Heller Gallery is pleased to announce our first solo exhibition of work by Danish artist Stine Bidstrup. The exhibition, Architectural Glass Fantasies: Utopia Materialized, is comprised of fifteen new pieces from the artist’s eponymous series.
In 2013 Bidstrup started work on her Architectural Glass Fantasies series, which is inspired by The Crystal Chain, a correspondence project initiated by German architect Bruno Taut and influenced by his friend and mentor, German writer and utopian fabulist Paul Scheerbart. During 1919-20, in the aftermath of World War I, Taut invited and encouraged a small group of architects to exchange letters and drawings on what form the architecture of the future should take. The experiment produced a well-documented volume of correspondence in which participants described their utopic ideas of beneficent architecture and visions for an ideal society, many built entirely out of colored glass and steel.
Bidstrup’s sculptures are based on these ideas about glass architecture and about the potentially colossal impact the Crystal Chain correspondents imagined it could have on society. Her work is driven by her curiosity to understand and visually interpret the construction, scope and complexity of utopic ideas through glass. Giving physical form to ideas that were intended only as a philosophical exercise, Bidstrup says that her sculptures can be regarded as a type of an architectural model, suggesting a transformation of scale in the imagination of the viewer.
Stine Bidsrup was educated at the Rhode Island School of Design and has taught at her alma mater, the Royal Danish Academy of Fine Art, School of Design on Bornholm since 2009. She has been a visiting lecturer at the University of Wisconsin-Madison and at Pilchuck Glass School and took part in residencies in Estonia, Finland, India, Norway, the United Kingdom and the United States. Bidstrup has exhibited internationally for the past decade. She is a founding member of the Copenhagen-based collaborative Luftkraft Glasstudie (Luftkraft Glass Studio). Her work is held in public collections in the United States and Europe, including the Chazen Museum of Art in Madison, WI and the Danish Designmuseum Danmark in Copenhagen.
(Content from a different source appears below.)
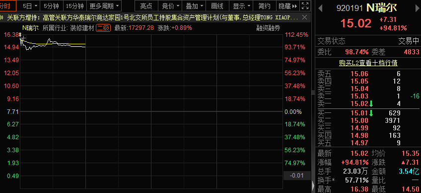 N瑞尔(920191)今日在北交所上市,开盘价15.99元,上涨107.39%。公司是一家专业为高炉炼铁系统提供长寿技术方案及关键耐火材料(884063)的高新技术企业,主要从事炼铁高炉高效、长寿、节能、绿色、环保等技术与所需耐火材料(884063)的研发、生产和销售。

Heller Gallery plays a seminal role in promoting glass as a medium for contemporary sculpture and design. It has been a valuable resource for artists, museums, and collectors worldwide since 1973. The gallery represents a prestigious roster of international artists and designers, whose practice incorporates glass as a creative medium.
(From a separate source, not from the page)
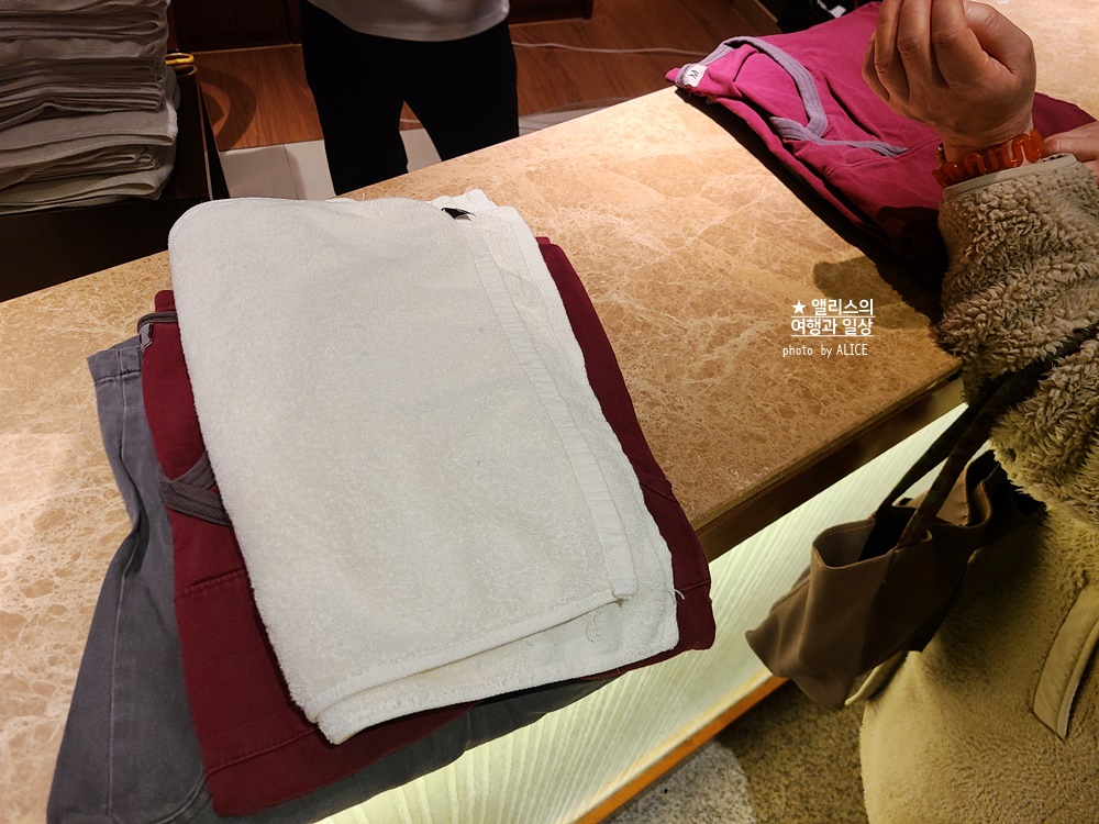 신발을 먼저 벗어서 신발장에 넣은 뒤에 직원으로부터 수건과 찜질복을 받는다.

Numerous artworks have entered preeminent public collections as a direct result of Heller Gallery's exhibitions and advocacy. New York's Metropolitan Museum of Art and Museum of Modern Art have acquired works from the gallery as has The Corning Museum of Glass, The Los Angeles County Museum of Art, The Museum of Fine Arts, Houston, and numerous museums worldwide, including Victoria & Albert Museum, Musee des Arts Decoratifs de Louvre, and Hokkaido Museum, among others.